Nonprofit Sends the Hospital Straight to You

Founded by a former paramedic, MD1 brings emergency care—surgical procedures, blood, platelets, plasma—to patients unable to get to a hospital.

MD1 doctors provide on-scene critical care all over New Jersey. Courtesy of MD1

While working as a paramedic in college, Mark Merlin—now a longtime emergency medicine physician—responded to a horrific call: A teenage girl had been pinned underneath an 18-wheeler.

Merlin recalls that the “tire was on her abdomen and pelvis” on that awful day back in 1987, and that he and his fellow first responders had to wait until the equipment needed to lift the truck arrived on scene.

“We sat there for an hour or two while she died,” he says. “I thought, ‘There must be a better way to do this.’”

That tragedy sparked the idea for MD1: Merlin’s New Jersey nonprofit that brings doctors to the site of an emergency.
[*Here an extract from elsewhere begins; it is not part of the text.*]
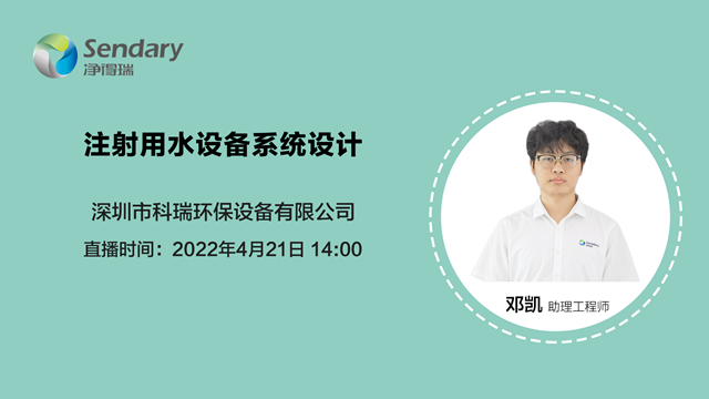 注射用水設(shè)備系統(tǒng)設(shè)計(jì)需要考慮哪些因素?如何做好URS分析?注射用水要滿足什么法規(guī)?設(shè)計(jì)基礎(chǔ)及系統(tǒng)工藝又有哪些?4月21號(hào)下午14:00,凈得瑞將為大家?guī)?lái)專場(chǎng)直播講座:《注射用水設(shè)備系統(tǒng)設(shè)計(jì)》進(jìn)行解惑。圖一 《注射用水設(shè)備系統(tǒng)設(shè)計(jì)》點(diǎn)擊圖片進(jìn)入直播間 直播由凈得瑞助理工程師鄧凱在線分享,歡迎大家鎖定...
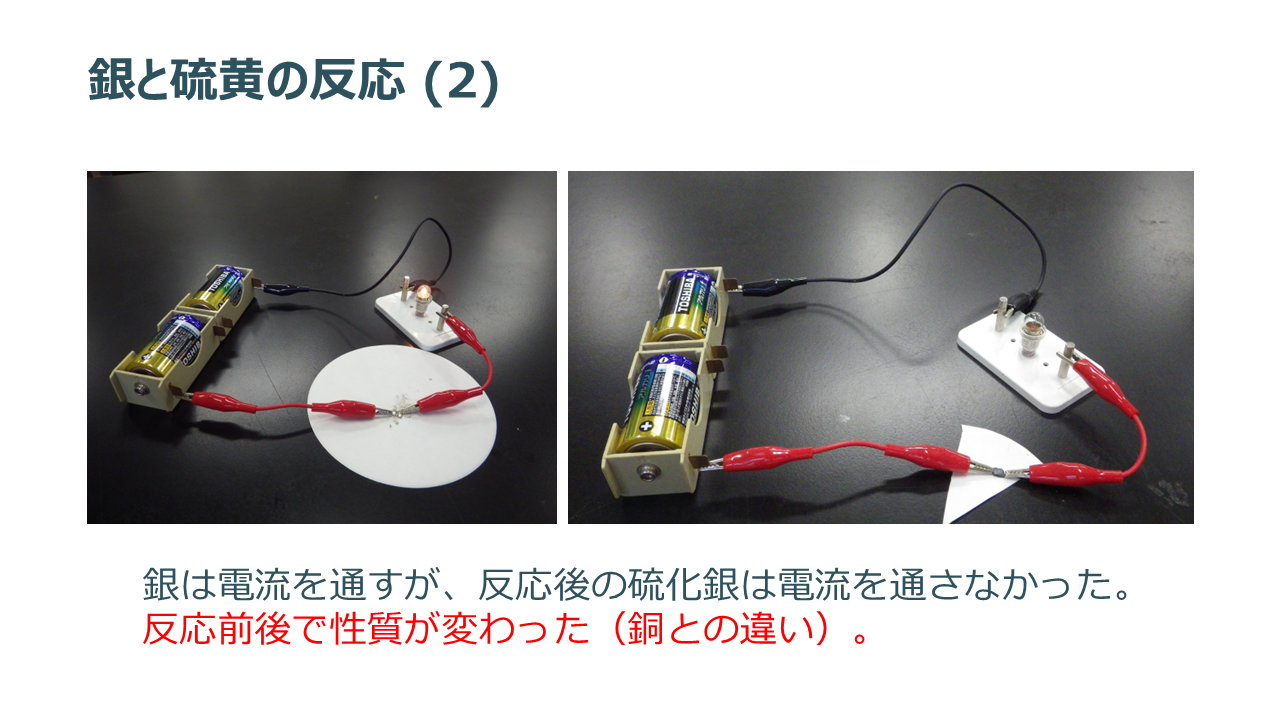 そして反応前の金属の銀は電流を通しますが、反応後の硫化銀は電流を通しませんでした。こちらは反応の前後で性質が変わったため、違う物質となったことが分かります。

“If you can’t get them to the hospital, the hospital has to come to them,” says Merlin, who is the vice chairman of emergency medicine at Newark Beth Israel Medical Center/RWJBarnabas Health.

Paramedics, Merlin says, “bring most of the emergency department to you, but if you really need the hospital and all the services available—surgical procedures, blood, platelets, plasma—and you can’t get to the hospital, MD1 is perfect.”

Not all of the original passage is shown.